Сочинения - А. С. Хомяков
Шрифт:
Интервал:
Закладка:
Такова строгость и последовательность выводов во всей статье, такова ясность понимания в подробностях. Невольно возникает в читателе вопрос: почему человек даровитый и трудолюбивый мог до такой степени перепутать все понятия исторической критики? Конечно, многое должно приписать торопливости журнального труда и желанию во что бы ни стало унизить направление, поставившее высшие требования в науке, и именно в той науке, которой посвятил себя г. Соловьев; еще больше можно объяснить тою системою немыслящей и поэтому бескритической подражательности, за которую стоит целая школа и которая портит лучшие умы; но без сомнения некоторые особенности непонимания происходят от личного направления и от характера личных литературных занятий самого писателя.
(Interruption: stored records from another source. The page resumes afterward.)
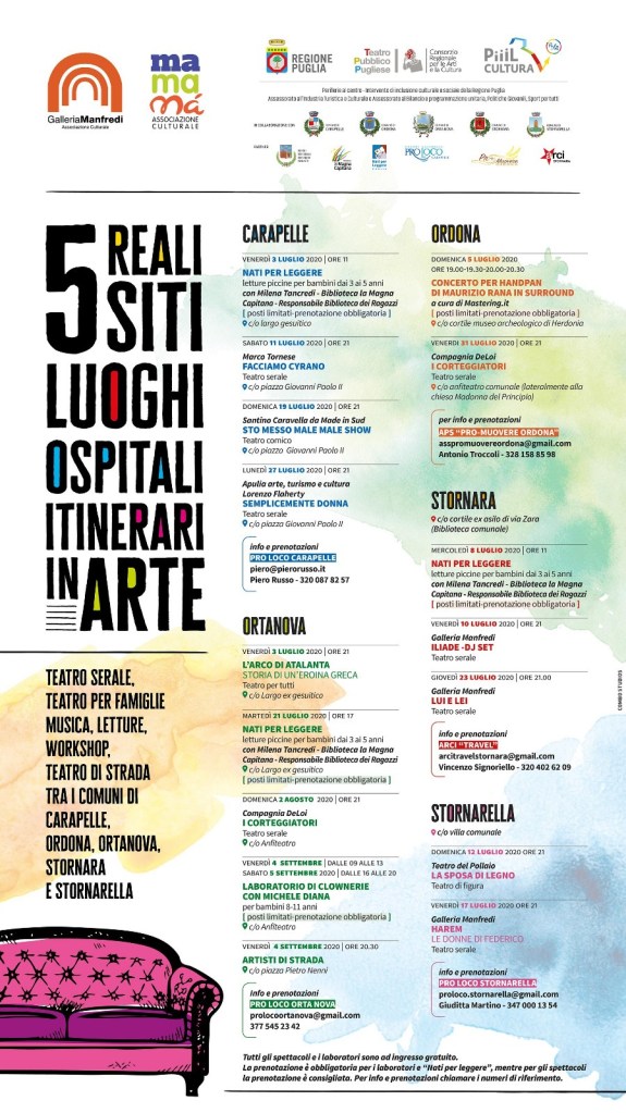 Si torna in scena. Dopo lo stop forzato dovuto all’emergenza Covid-19, nei Cinque Reali Siti riecco il teatro serale, il teatro per famiglie, ma anche letture, workshop, teatro di strada. Tutto questo grazie al bando regionale “Periferie al Centro – Intervento di inclusione sociale della Regione Puglia”, con il progetto ‘5 Reali Siti, luoghi ospitali, itinerari in arte’.
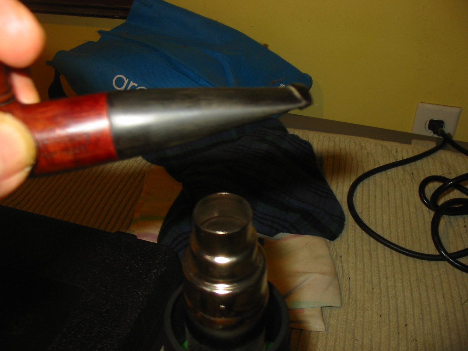 When the stain had dried I buffed the bowl with White Diamond and then gave it a coating of carnauba wax to seal it and give it a shine. I had done enough of the early sanding on the stem by that point to set up a heat gun to heat and bend the stem. I held it over the heat until the stem was soft and then bent it over a rolling pin that I use for bending stems. I have a thick cardboard tube that I slide on the rolling pin to provide a softer surface than the old rolling pin when I am bending the heated vulcanite.
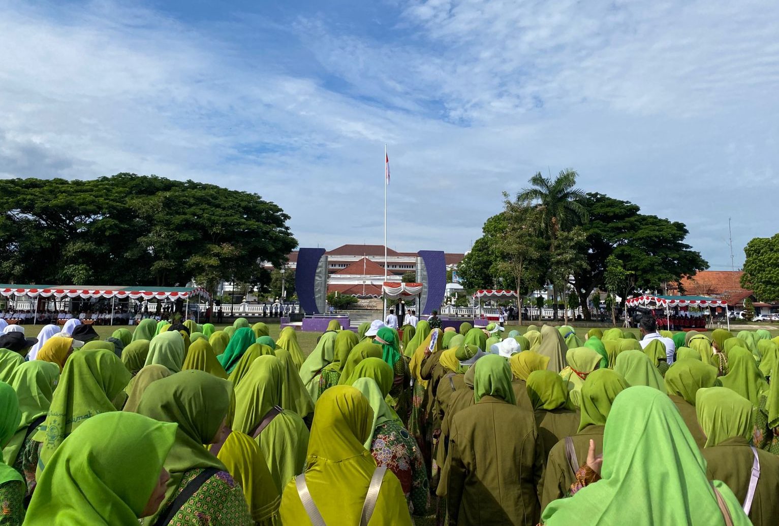 Suasana apel penutupan berlangsung hangat dan penuh haru. Para siswa terlihat antusias sekaligus sedih melepas kakak-kakak mahasiswa yang telah menjadi bagian dari keseharian mereka. Beberapa siswa bahkan membawa surat kecil dan gambar sebagai tanda kenang-kenangan, simbol kedekatan emosional yang terjalin selama masa magang.
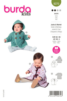 Burda Style Babies' Hooded Jacket, Coat with Tie Bands B9270 - Paper Pattern, Size 1M-3 (56-98)
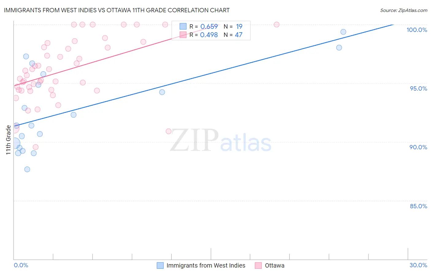 Immigrants from West Indies vs Ottawa 11th Grade Correlation Chart
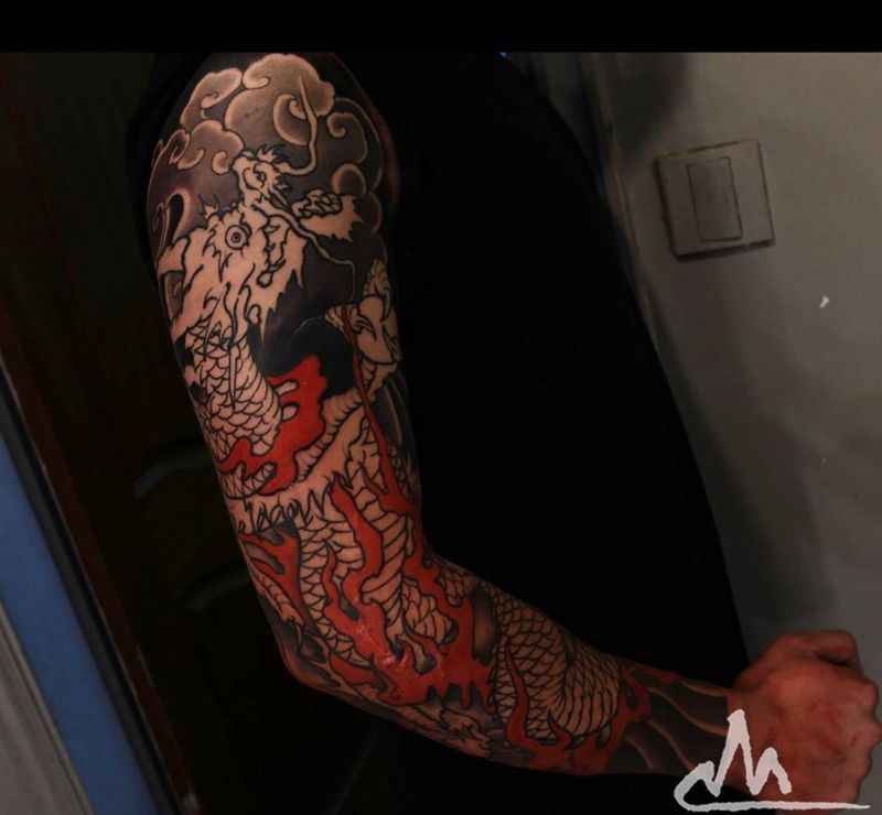 • T网红王老大花腿龙纹身图片_腿部新传统纹身图案
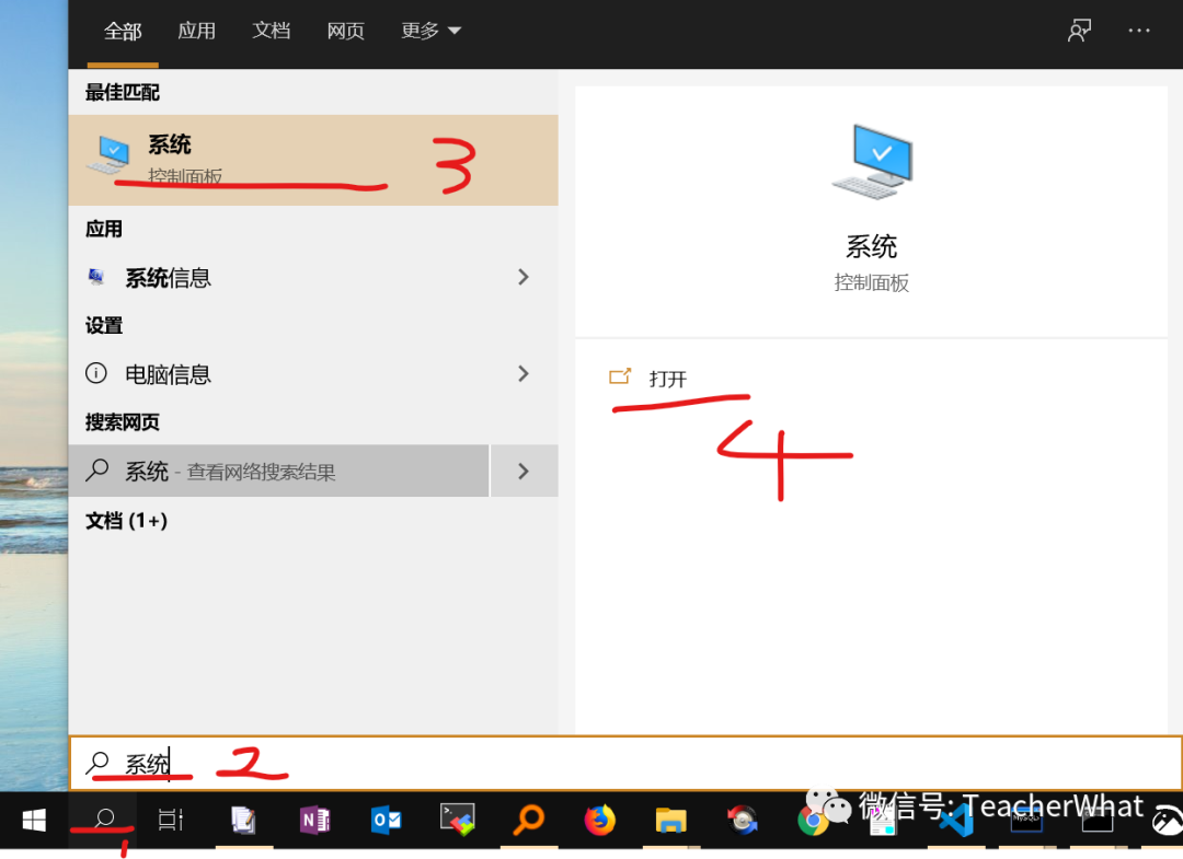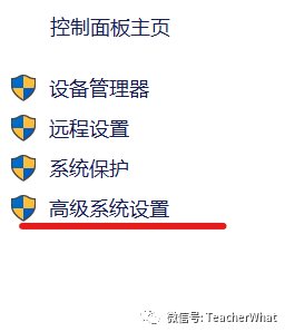 通过开始菜单(Win键),找到【系统】->【打开】->【高级系统设置】

Г. Соловьев начал свое литературное поприще отдельными исследованиями, не лишенными истинного достоинства. В одном указано было на значение новых городов (которые скорее следовало бы назвать княжескими городами, — Вятка ведь тоже была городом новым). Оно было несправедливо своею формальною частью, ибо новостроенные города имели видимые учреждения, подобные старым (других жизненных форм никто и не старался придумать); но оно было вполне право в смысле внутреннем. В новых городах не было предания с его крепостию областного эгоизма, с его упорством, и, следовательно, они были органами более способными для развития новых общественных требований. Это исследование г. Соловьева есть истинная заслуга. Другое его исследование, об отношениях Новгорода к князьям, было до некоторой степени справедливо в смысле формальном, и в то же время совершенно ложно в смысле внутреннем. Оно упускало из вида особенности новгородской жизни, ясные с самого начала истории, и не принимало в соображение того, что эти особенности должны были по необходимости резче выступать наружу не столько по закону внутреннего развития, сколько по противодействию увеличивавшимся княжеским требованиям. Нельзя также не признать достоинства взглядов г. Соловьева на эпоху уделов при нераздельности земли tt на эпоху уделов обособляющихся (хотя он едва ли не напрасно первой эпохе отказывал в назывании удельной). Все эти труды были небесполезны; но г. Соловьев не довольствовался ими и скромным путем исследований. Он приступил к Истории России. Всякому действительному ученому — и, без сомнения, г. Соловьеву — было ясно, что истории в смысле художественной летописи после Карамзина уже писать нельзя; для критической же истории не заготовлено достаточно предварительных исследований. Нужно было ими запастись [489]; но когда же кончится эта предварительная работа? Историк решился обойтись без нее; что из этого решения вышло, мы имеем перед собою.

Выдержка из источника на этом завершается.